Amazon Redshift reference
Redshift vs Athena vs S3 lake
| Requirement | Better fit |
|---|
| Ad hoc SQL on raw/curated S3 data | Athena |
| Managed warehouse with repeated BI queries and modeled tables | Redshift |
| Query S3 from warehouse without loading all data | Redshift Spectrum |
| Transform and publish warehouse data to S3 | Redshift UNLOAD |
| Load large S3 datasets into warehouse tables | Redshift COPY |
| Variable or intermittent warehouse demand | Redshift Serverless may fit |
| Stable warehouse environment with cluster-level control | Redshift provisioned may fit |
Redshift design points
| Topic | What to know for DEA-C01 |
|---|
| COPY | Preferred bulk load from S3, DynamoDB, EMR, or supported sources |
| UNLOAD | Writes query results from Redshift to S3 |
| Distribution style | Affects data movement during joins; AUTO can help, but know KEY/EVEN/ALL concepts |
| Sort keys | Improve range-restricted scans and joins when aligned with query patterns |
| Compression encoding | Reduces storage and I/O |
| ANALYZE | Updates statistics for the optimizer |
| VACUUM | Reclaims/sorts storage where applicable |
| Spectrum | Queries external S3 data through external schemas/tables |
| Materialized views | Precompute expensive query results when refresh strategy fits |
| Workload management | Manage query queues, priorities, and concurrency behavior |
| Federated query | Query operational databases from Redshift for specific use cases |
COPY from S3 pattern:
COPY analytics.orders
FROM 's3://example-data-lake/curated/orders/'
IAM_ROLE 'arn:aws:iam::123456789012:role/RedshiftLoadRole'
FORMAT AS PARQUET;
UNLOAD to S3 pattern:
UNLOAD ('SELECT order_date, SUM(amount) AS revenue FROM analytics.orders GROUP BY order_date')

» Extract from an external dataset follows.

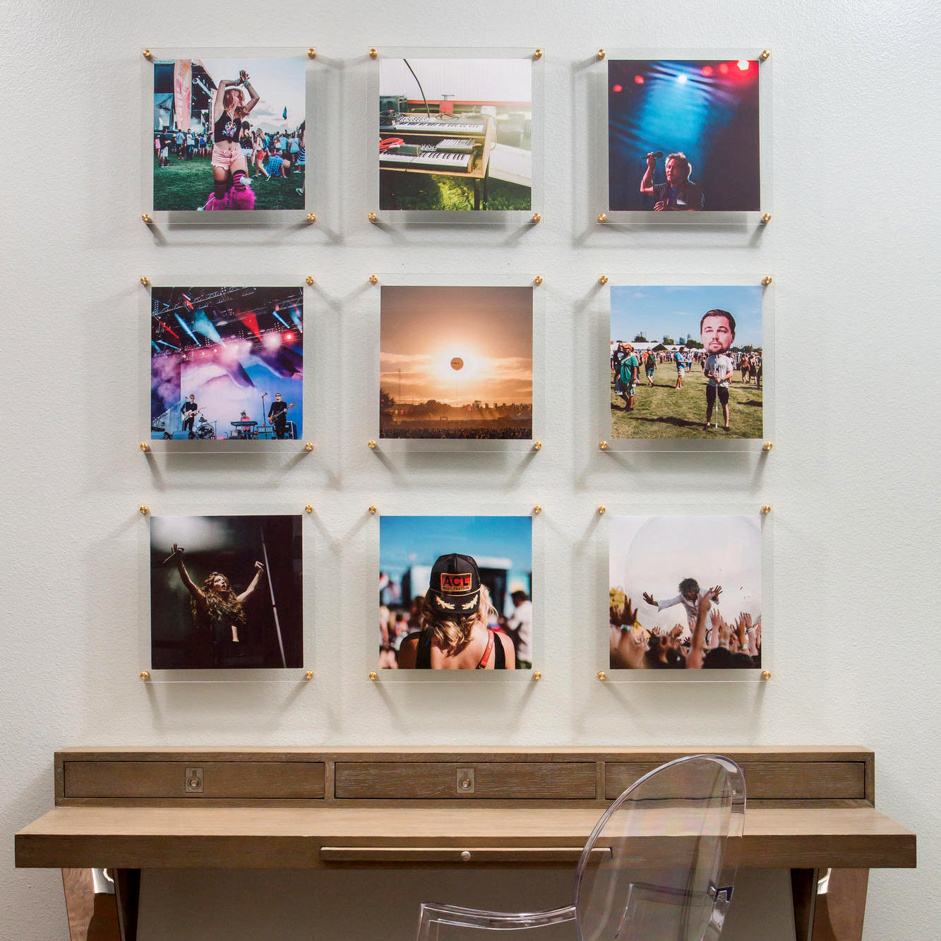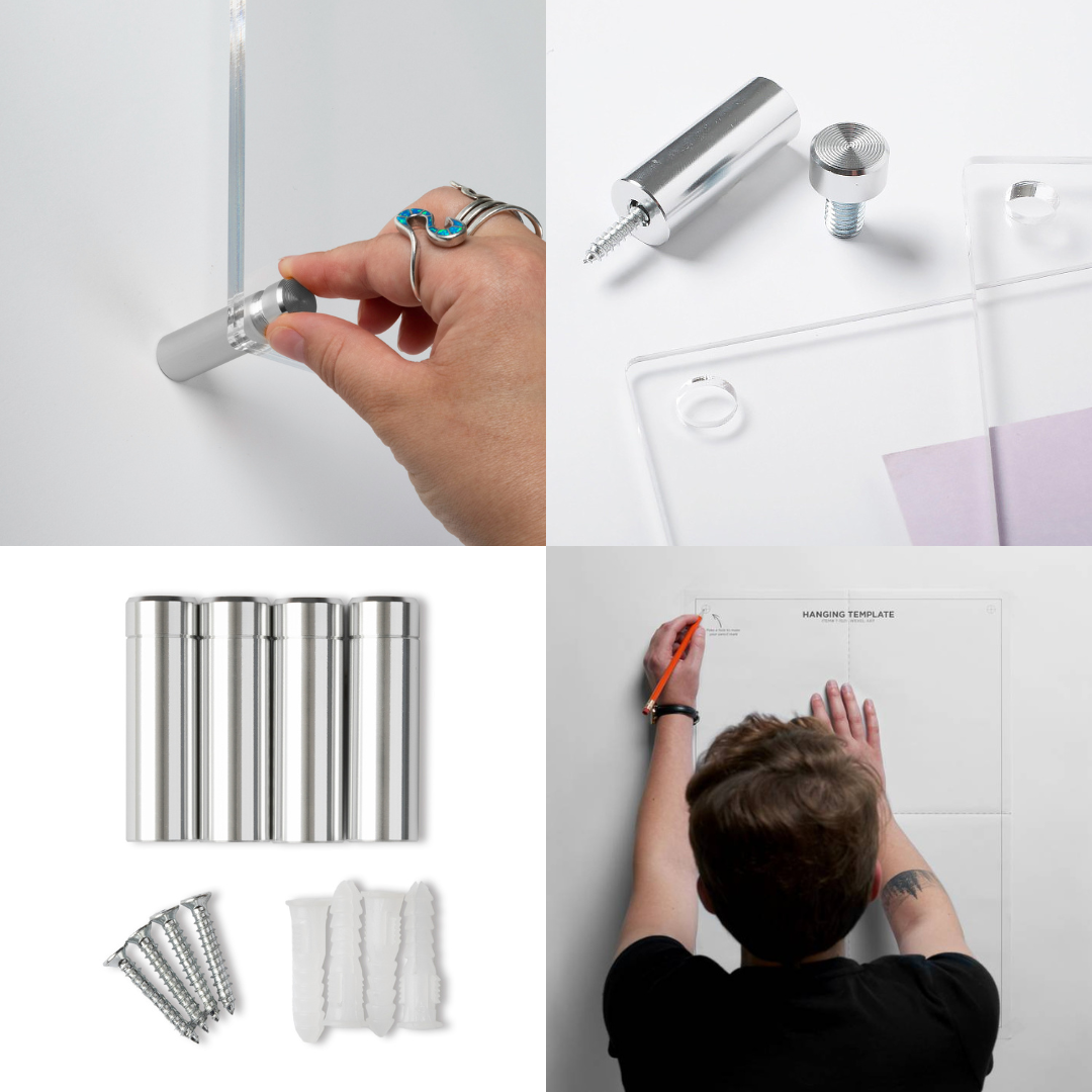 Each frame consists of two diamond-polished panels of acrylic that sandwich your art. When you want to change out your display, just unscrew the caps on the hardware and lift off the acrylic.

TO 's3://example-data-lake/exports/revenue/'
IAM_ROLE 'arn:aws:iam::123456789012:role/RedshiftUnloadRole'
FORMAT AS PARQUET;
Redshift troubleshooting shortcuts:
| Symptom | Check first |
|---|
| COPY fails | IAM role, S3 path, KMS access, file format, load error views |
| Query slow after load | Statistics, sort/distribution, skew, scanned external data |
| External table query slow | S3 file format, partitioning, file sizes, Spectrum pruning |
| Access denied to S3 | Redshift role policy, bucket policy, KMS key policy |
| BI workload contention | Workload management, query design, materialized views |
Streaming and event processing reference
Kinesis, Firehose, MSK, Flink
| Dimension | Kinesis Data Streams | Data Firehose | Amazon MSK | Managed Service for Apache Flink |
|---|
| Primary role | Durable stream for custom apps | Managed delivery stream | Managed Kafka | Stateful stream processing |
| Consumers | Custom consumers | Destination delivery, optional transform | Kafka consumers | Flink application |
| Replay | Yes, within configured retention | Not a replay stream for custom consumers | Kafka retention model | Reads from stream sources |
| Ordering | Per partition key/shard | Not the main design feature | Per Kafka partition | Depends on source partitioning and app logic |
| Operations | Stream capacity and consumer design | Destination and delivery config | Kafka cluster/topic/client design | Application state, checkpoints, parallelism |
| Choose when | You need custom stream processing | You need easy delivery to storage/search/warehouse | You need Kafka compatibility | You need windows, joins, state, event-time logic |
Streaming design traps
- Partition keys determine ordering and load distribution. Bad keys create hot partitions.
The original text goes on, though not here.